— Material for this exercise —
----

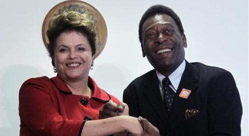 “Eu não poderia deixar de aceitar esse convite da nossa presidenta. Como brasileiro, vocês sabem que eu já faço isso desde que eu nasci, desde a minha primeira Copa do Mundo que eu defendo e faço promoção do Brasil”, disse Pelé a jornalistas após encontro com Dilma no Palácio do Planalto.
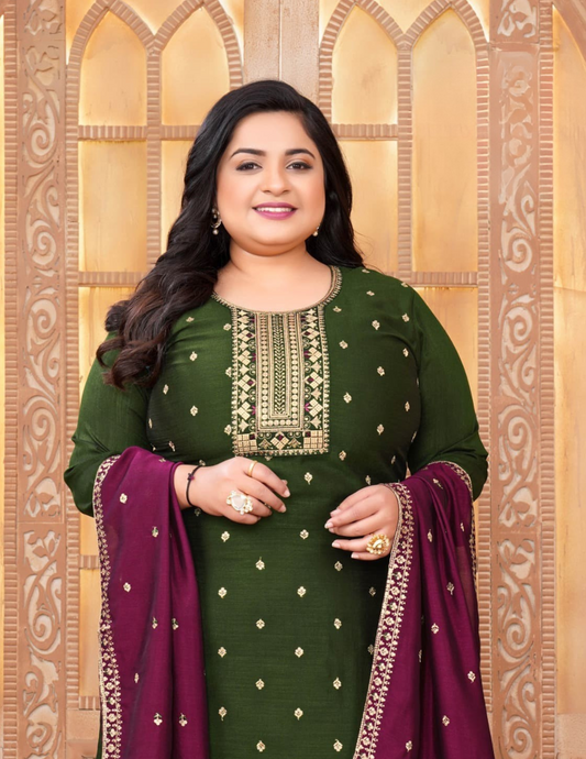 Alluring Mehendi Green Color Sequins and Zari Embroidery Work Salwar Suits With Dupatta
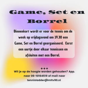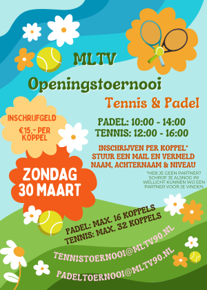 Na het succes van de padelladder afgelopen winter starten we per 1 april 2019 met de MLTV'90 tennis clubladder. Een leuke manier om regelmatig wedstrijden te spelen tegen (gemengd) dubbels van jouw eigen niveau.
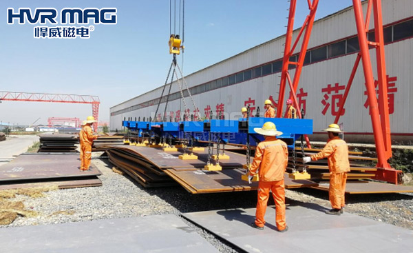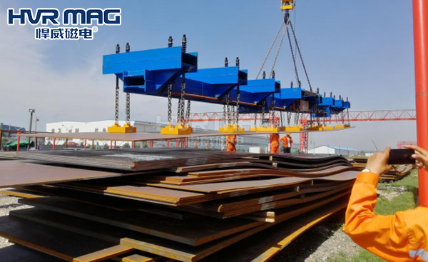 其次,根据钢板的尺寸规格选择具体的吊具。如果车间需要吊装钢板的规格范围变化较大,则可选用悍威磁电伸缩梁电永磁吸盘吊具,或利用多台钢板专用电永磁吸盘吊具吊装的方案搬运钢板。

----

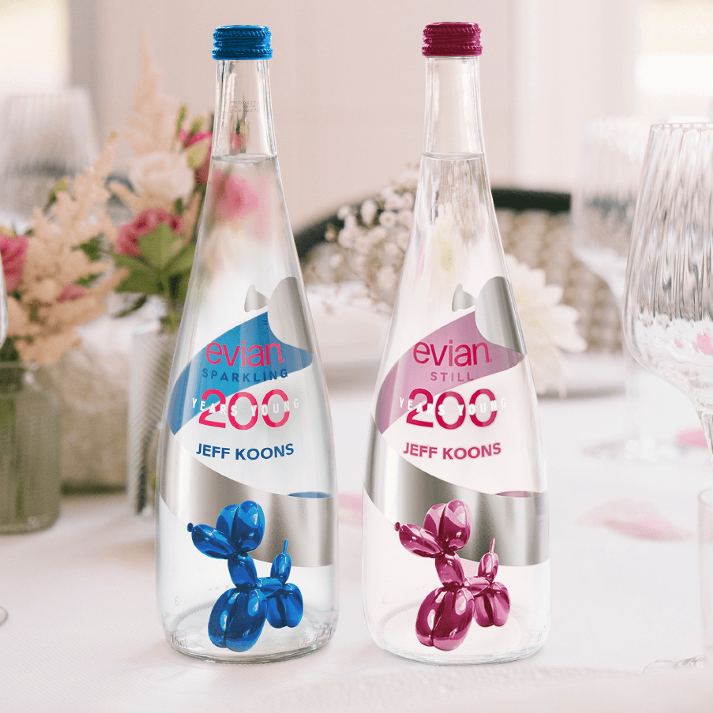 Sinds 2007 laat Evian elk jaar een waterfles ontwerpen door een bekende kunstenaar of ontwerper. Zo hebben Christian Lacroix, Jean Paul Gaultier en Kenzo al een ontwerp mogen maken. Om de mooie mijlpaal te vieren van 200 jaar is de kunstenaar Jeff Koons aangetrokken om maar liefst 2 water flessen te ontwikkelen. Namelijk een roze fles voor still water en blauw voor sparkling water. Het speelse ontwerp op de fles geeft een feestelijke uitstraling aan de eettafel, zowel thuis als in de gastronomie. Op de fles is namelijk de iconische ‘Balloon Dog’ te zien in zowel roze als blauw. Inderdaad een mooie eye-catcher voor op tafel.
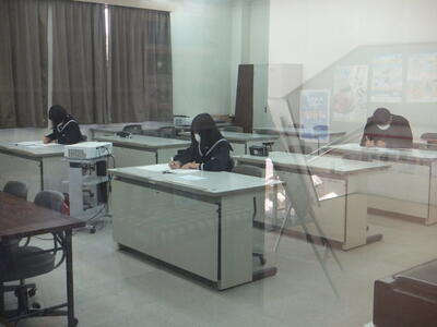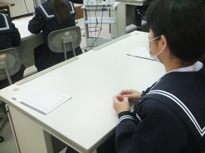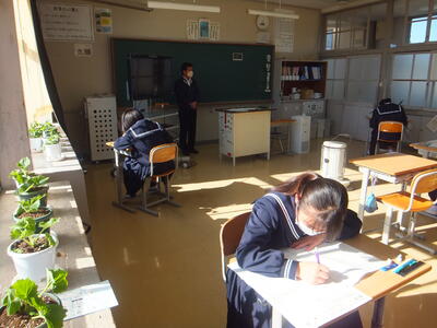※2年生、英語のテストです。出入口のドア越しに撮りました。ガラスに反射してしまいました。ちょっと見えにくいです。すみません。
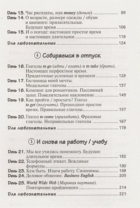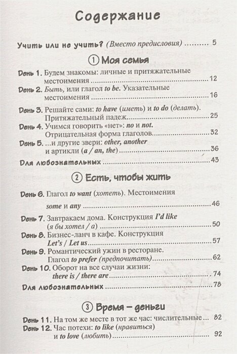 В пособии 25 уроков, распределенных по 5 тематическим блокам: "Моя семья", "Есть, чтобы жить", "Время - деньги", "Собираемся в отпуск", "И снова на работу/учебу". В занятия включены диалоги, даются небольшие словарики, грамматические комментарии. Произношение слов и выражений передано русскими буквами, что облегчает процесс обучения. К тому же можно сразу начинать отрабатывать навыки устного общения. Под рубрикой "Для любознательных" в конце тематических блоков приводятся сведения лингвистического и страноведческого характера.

----

— Exercise —
In the listing above, find the line with "Palácio do Planalto." and the line with "其次,根据钢板的尺寸规格选择". Transcribe those two and everything between, exactly, leaving out pictures.

— Result —
 “Eu não poderia deixar de aceitar esse convite da nossa presidenta. Como brasileiro, vocês sabem que eu já faço isso desde que eu nasci, desde a minha primeira Copa do Mundo que eu defendo e faço promoção do Brasil”, disse Pelé a jornalistas após encontro com Dilma no Palácio do Planalto.
 Alluring Mehendi Green Color Sequins and Zari Embroidery Work Salwar Suits With Dupatta
 Na het succes van de padelladder afgelopen winter starten we per 1 april 2019 met de MLTV'90 tennis clubladder. Een leuke manier om regelmatig wedstrijden te spelen tegen (gemengd) dubbels van jouw eigen niveau.
 其次,根据钢板的尺寸规格选择具体的吊具。如果车间需要吊装钢板的规格范围变化较大,则可选用悍威磁电伸缩梁电永磁吸盘吊具,或利用多台钢板专用电永磁吸盘吊具吊装的方案搬运钢板。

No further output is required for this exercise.